This patch uses the feature added in D79162 to fix the cost of a sext/zext of a masked load, or a trunc for a masked store.

Previously, those were considered cheap or even free, but it's absolutely not the case if the cast's result type doesn't fit in a 128 bits register. They're expensive!

Examples:

The cast fits in a 128 bits register:

// LLVM define dso_local arm_aapcs_vfpcc <8 x i16> @square(<8 x i8>*, <8 x i8>, <8 x i8>) #0 { %mask = trunc <8 x i8> %1 to <8 x i1> %res = call <8 x i8> @llvm.masked.load.v8i8.p0v8i8 (<8 x i8>* %0, i32 4, <8 x i1> %mask, <8 x i8> %2) %ext = sext <8 x i8> %res to <8 x i16> ret <8 x i16> %ext } // ASM vpt.i32 ne, q0, zr vldrbt.s16 q0, [r0] vmovlb.s8 q1, q1 vpsel q0, q0, q1

The cast doesn't fit in a 128 bits register:

// LLVM define dso_local arm_aapcs_vfpcc <8 x i32> @square(<8 x i8>*, <8 x i8>, <8 x i8>) #0 { %mask = trunc <8 x i8> %1 to <8 x i1> %res = call <8 x i8> @llvm.masked.load.v8i8.p0v8i8 (<8 x i8>* %0, i32 4, <8 x i1> %mask, <8 x i8> %2) %ext = sext <8 x i8> %res to <8 x i32> ret <8 x i32> %ext } // ASM vpt.i32 ne, q0, zr vldrbt.u16 q0, [r0] vpsel q1, q0, q1 vmov.u16 r0, q1[0] vmov.32 q0[0], r0 vmov.u16 r0, q1[1] vmov.32 q0[1], r0 vmov.u16 r0, q1[2] vmov.32 q0[2], r0 vmov.u16 r0, q1[3] vmov.32 q0[3], r0 vmov.u16 r0, q1[4] vmov.32 q2[0], r0 vmov.u16 r0, q1[5] vmov.32 q2[1], r0 vmov.u16 r0, q1[6] vmov.32 q2[2], r0 vmov.u16 r0, q1[7] vmov.32 q2[3], r0 vmovlb.s8 q0, q0 vmovlb.s8 q1, q2 vmovlb.s16 q0, q0 vmovlb.s16 q1, q1

I've updated the costs to better reflect reality, and added a test for it in `test/Analysis/CostModel/ARM/cast.ll`.

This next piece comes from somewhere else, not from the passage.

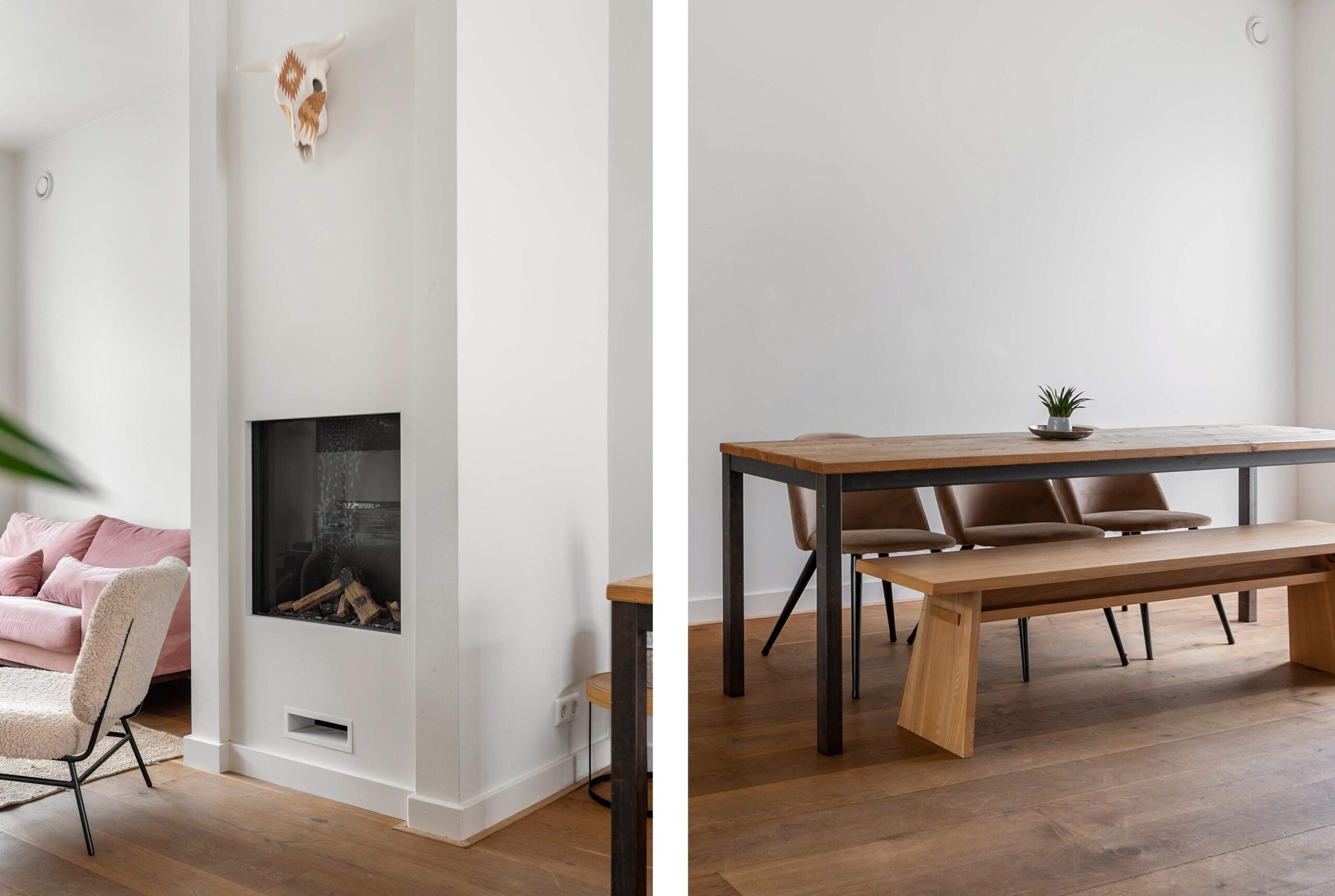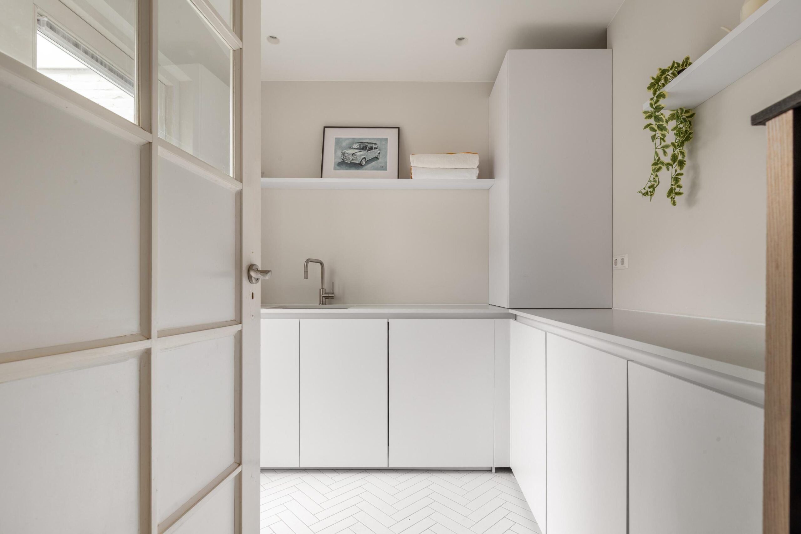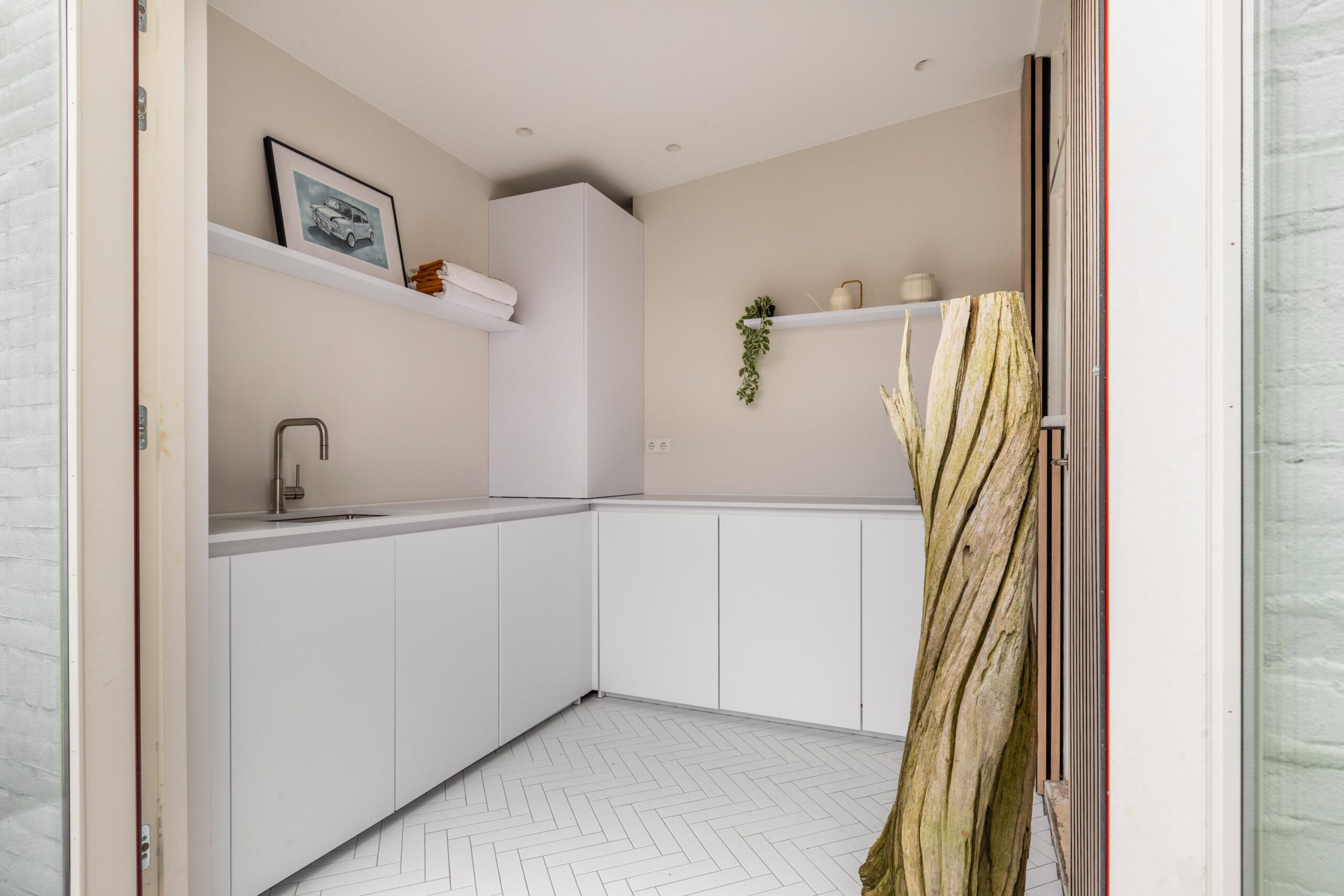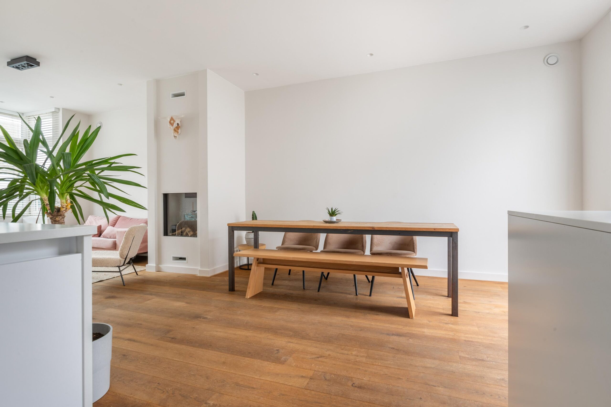 Through the entrance, you walk into the living room with a gas fireplace. This is directly connected to the open kitchen, which is equipped with all conveniences. The kitchen has a hot water tap, a dishwasher, refrigerator, freezer, and more than enough cabinet space. Adjacent to this kitchen is also a spacious utility room, in the same contemporary style as the kitchen.

I've also added a vectorizer test that showcases the improvement: in some cases, the vectorizer will now choose a smaller VF when tail-predication is enabled, which results in better codegen. (Because if it were to use a higher VF in those cases, the code we see above would be generated, and the vmovs would block tail-predication later in the process, resulting in very poor codegen overall)

Please note that the contents of this patches are subject to changes depending on the outcome of the review of D79162, but the cost calculation logic shouldn't change too much (just the way this case is detected).